▶ AVAILABLE RECORDS
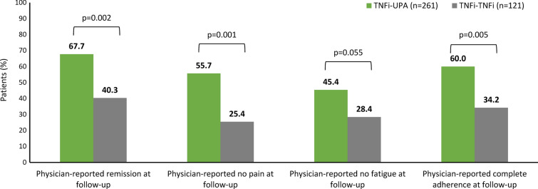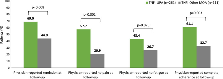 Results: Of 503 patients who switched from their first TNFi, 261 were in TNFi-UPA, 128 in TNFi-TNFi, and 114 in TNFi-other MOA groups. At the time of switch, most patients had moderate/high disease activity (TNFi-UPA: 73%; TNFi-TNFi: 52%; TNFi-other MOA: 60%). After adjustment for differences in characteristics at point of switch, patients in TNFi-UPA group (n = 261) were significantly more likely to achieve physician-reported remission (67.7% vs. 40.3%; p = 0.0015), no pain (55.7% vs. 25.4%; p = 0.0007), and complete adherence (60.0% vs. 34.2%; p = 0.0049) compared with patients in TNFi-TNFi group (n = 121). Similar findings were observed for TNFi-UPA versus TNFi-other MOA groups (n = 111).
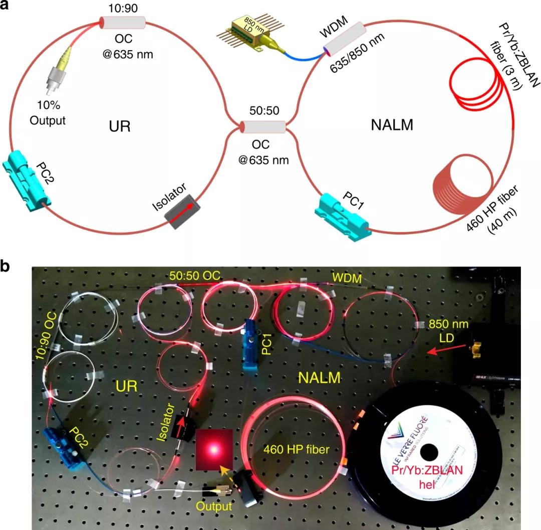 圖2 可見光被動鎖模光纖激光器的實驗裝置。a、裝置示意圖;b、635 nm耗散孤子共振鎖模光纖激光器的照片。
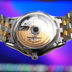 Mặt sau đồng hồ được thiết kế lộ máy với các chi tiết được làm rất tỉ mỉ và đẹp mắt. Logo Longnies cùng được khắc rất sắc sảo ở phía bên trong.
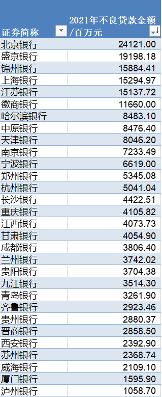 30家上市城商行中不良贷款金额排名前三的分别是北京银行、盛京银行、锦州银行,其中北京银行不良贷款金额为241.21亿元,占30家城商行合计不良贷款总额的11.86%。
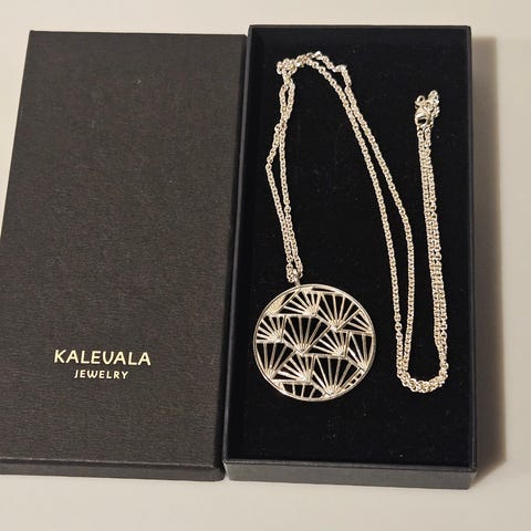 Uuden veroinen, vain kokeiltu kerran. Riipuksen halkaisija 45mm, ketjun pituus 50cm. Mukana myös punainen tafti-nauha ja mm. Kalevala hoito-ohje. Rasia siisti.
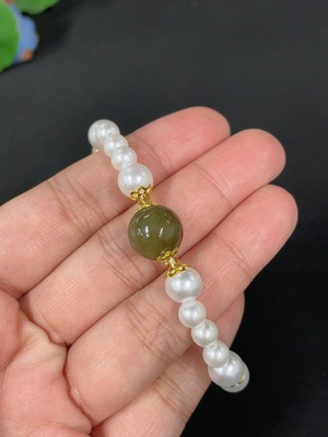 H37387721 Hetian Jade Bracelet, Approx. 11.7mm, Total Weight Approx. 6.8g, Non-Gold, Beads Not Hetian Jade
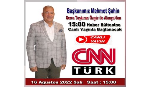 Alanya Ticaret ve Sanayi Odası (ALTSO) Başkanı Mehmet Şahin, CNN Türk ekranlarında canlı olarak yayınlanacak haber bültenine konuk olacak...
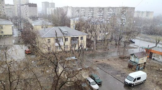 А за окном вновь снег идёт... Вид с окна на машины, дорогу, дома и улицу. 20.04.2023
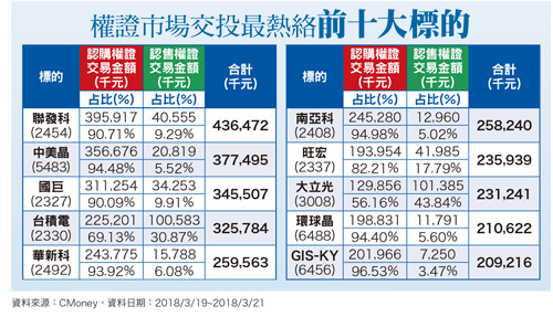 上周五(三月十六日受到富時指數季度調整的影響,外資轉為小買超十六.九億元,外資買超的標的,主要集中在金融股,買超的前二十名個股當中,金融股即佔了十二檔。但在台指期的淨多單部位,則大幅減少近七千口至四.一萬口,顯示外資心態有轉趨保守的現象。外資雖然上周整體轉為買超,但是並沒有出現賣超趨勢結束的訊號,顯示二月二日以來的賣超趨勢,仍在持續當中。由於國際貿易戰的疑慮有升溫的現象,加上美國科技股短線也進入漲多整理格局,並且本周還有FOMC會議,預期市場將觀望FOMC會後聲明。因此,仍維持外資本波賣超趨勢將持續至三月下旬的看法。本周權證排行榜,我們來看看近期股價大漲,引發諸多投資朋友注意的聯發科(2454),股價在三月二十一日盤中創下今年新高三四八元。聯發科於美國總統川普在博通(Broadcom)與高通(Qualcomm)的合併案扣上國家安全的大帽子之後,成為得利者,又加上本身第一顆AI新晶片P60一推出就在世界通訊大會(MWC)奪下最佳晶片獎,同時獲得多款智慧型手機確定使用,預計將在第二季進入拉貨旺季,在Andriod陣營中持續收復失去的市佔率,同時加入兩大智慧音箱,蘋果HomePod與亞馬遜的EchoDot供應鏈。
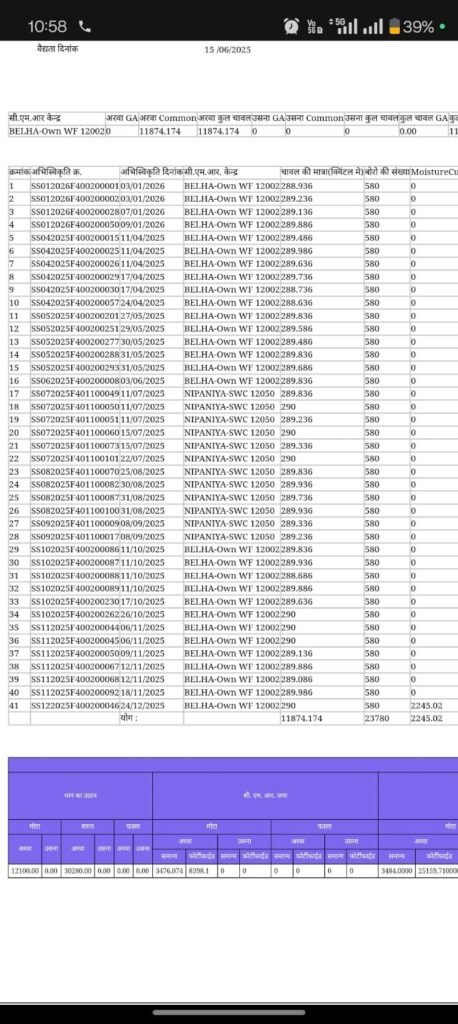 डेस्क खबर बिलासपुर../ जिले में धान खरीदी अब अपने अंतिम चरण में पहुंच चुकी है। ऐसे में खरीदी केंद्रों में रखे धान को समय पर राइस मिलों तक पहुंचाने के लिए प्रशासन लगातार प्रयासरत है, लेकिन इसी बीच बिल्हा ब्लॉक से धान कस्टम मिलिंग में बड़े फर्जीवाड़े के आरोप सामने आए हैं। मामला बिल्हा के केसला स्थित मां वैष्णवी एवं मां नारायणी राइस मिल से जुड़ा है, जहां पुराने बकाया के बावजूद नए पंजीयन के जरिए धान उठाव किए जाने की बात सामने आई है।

▶ HOW TO COMPLETE THIS TASK
In the material above, the stretch from the line with "30家上市城商行中不良贷款金" through the line with "上周五(三月十六日受到富時指" is to be given again exactly, minus the pictures.

▶ RESULT FOR THIS EXERCISE
 30家上市城商行中不良贷款金额排名前三的分别是北京银行、盛京银行、锦州银行,其中北京银行不良贷款金额为241.21亿元,占30家城商行合计不良贷款总额的11.86%。
 Uuden veroinen, vain kokeiltu kerran. Riipuksen halkaisija 45mm, ketjun pituus 50cm. Mukana myös punainen tafti-nauha ja mm. Kalevala hoito-ohje. Rasia siisti.
 H37387721 Hetian Jade Bracelet, Approx. 11.7mm, Total Weight Approx. 6.8g, Non-Gold, Beads Not Hetian Jade
 Alanya Ticaret ve Sanayi Odası (ALTSO) Başkanı Mehmet Şahin, CNN Türk ekranlarında canlı olarak yayınlanacak haber bültenine konuk olacak...
 А за окном вновь снег идёт... Вид с окна на машины, дорогу, дома и улицу. 20.04.2023
 上周五(三月十六日受到富時指數季度調整的影響,外資轉為小買超十六.九億元,外資買超的標的,主要集中在金融股,買超的前二十名個股當中,金融股即佔了十二檔。但在台指期的淨多單部位,則大幅減少近七千口至四.一萬口,顯示外資心態有轉趨保守的現象。外資雖然上周整體轉為買超,但是並沒有出現賣超趨勢結束的訊號,顯示二月二日以來的賣超趨勢,仍在持續當中。由於國際貿易戰的疑慮有升溫的現象,加上美國科技股短線也進入漲多整理格局,並且本周還有FOMC會議,預期市場將觀望FOMC會後聲明。因此,仍維持外資本波賣超趨勢將持續至三月下旬的看法。本周權證排行榜,我們來看看近期股價大漲,引發諸多投資朋友注意的聯發科(2454),股價在三月二十一日盤中創下今年新高三四八元。聯發科於美國總統川普在博通(Broadcom)與高通(Qualcomm)的合併案扣上國家安全的大帽子之後,成為得利者,又加上本身第一顆AI新晶片P60一推出就在世界通訊大會(MWC)奪下最佳晶片獎,同時獲得多款智慧型手機確定使用,預計將在第二季進入拉貨旺季,在Andriod陣營中持續收復失去的市佔率,同時加入兩大智慧音箱,蘋果HomePod與亞馬遜的EchoDot供應鏈。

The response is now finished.